* WORK TASK *
An exact repetition of the data below, without images, is the expected answer.

* DATA SECTION *
::::::

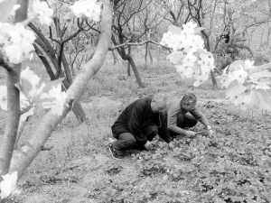在商水县魏集镇工商联的帮扶下,党桥村6组农民王明田在梨树下种植了草莓,l办起了“立体果园”,在不增加占地面积的情况下大幅度提高了经济效益。 ( 苏建广 摄)
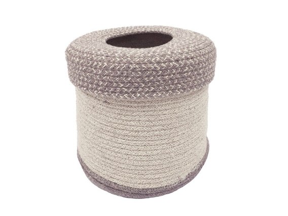 Uroczy mały kosz na śmieci wykonany z... przędzy pochodzącej z recyklingu! Ten praktyczny kosz ze zdejmowaną pokrywą z otworem pośrodku jest wykonany z plecionych sznurków z przędzy z recyklingu z naszych ścinków tekstylnych, połączonych ze sznurkami z wyłącznie naturalnej niefarbowanej przędzy bawełnianej.
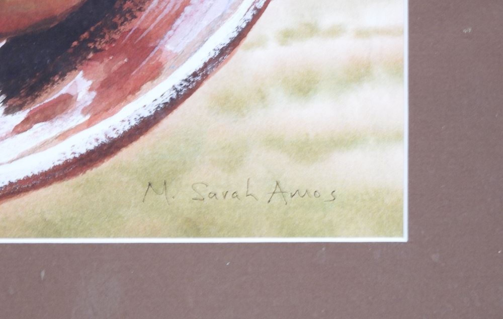 Mixed Media on paper signed M. Sarah Amos, 10 3/8 x 13 3/4", "Bowl of Apples".
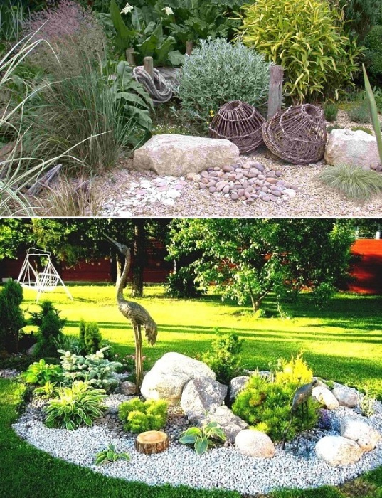 ♦ делать гравийные декоративные бордюры, фигурные отсыпки, имитацию «сухого ручья» или использовать в качестве фона для композиций, фонтана или группового размещения садовых фигурок/арт-объектов;

::::::

* ANSWER SPACE *
在商水县魏集镇工商联的帮扶下,党桥村6组农民王明田在梨树下种植了草莓,l办起了“立体果园”,在不增加占地面积的情况下大幅度提高了经济效益。 ( 苏建广 摄)
 Uroczy mały kosz na śmieci wykonany z... przędzy pochodzącej z recyklingu! Ten praktyczny kosz ze zdejmowaną pokrywą z otworem pośrodku jest wykonany z plecionych sznurków z przędzy z recyklingu z naszych ścinków tekstylnych, połączonych ze sznurkami z wyłącznie naturalnej niefarbowanej przędzy bawełnianej.
 Mixed Media on paper signed M. Sarah Amos, 10 3/8 x 13 3/4", "Bowl of Apples".
 ♦ делать гравийные декоративные бордюры, фигурные отсыпки, имитацию «сухого ручья» или использовать в качестве фона для композиций, фонтана или группового размещения садовых фигурок/арт-объектов;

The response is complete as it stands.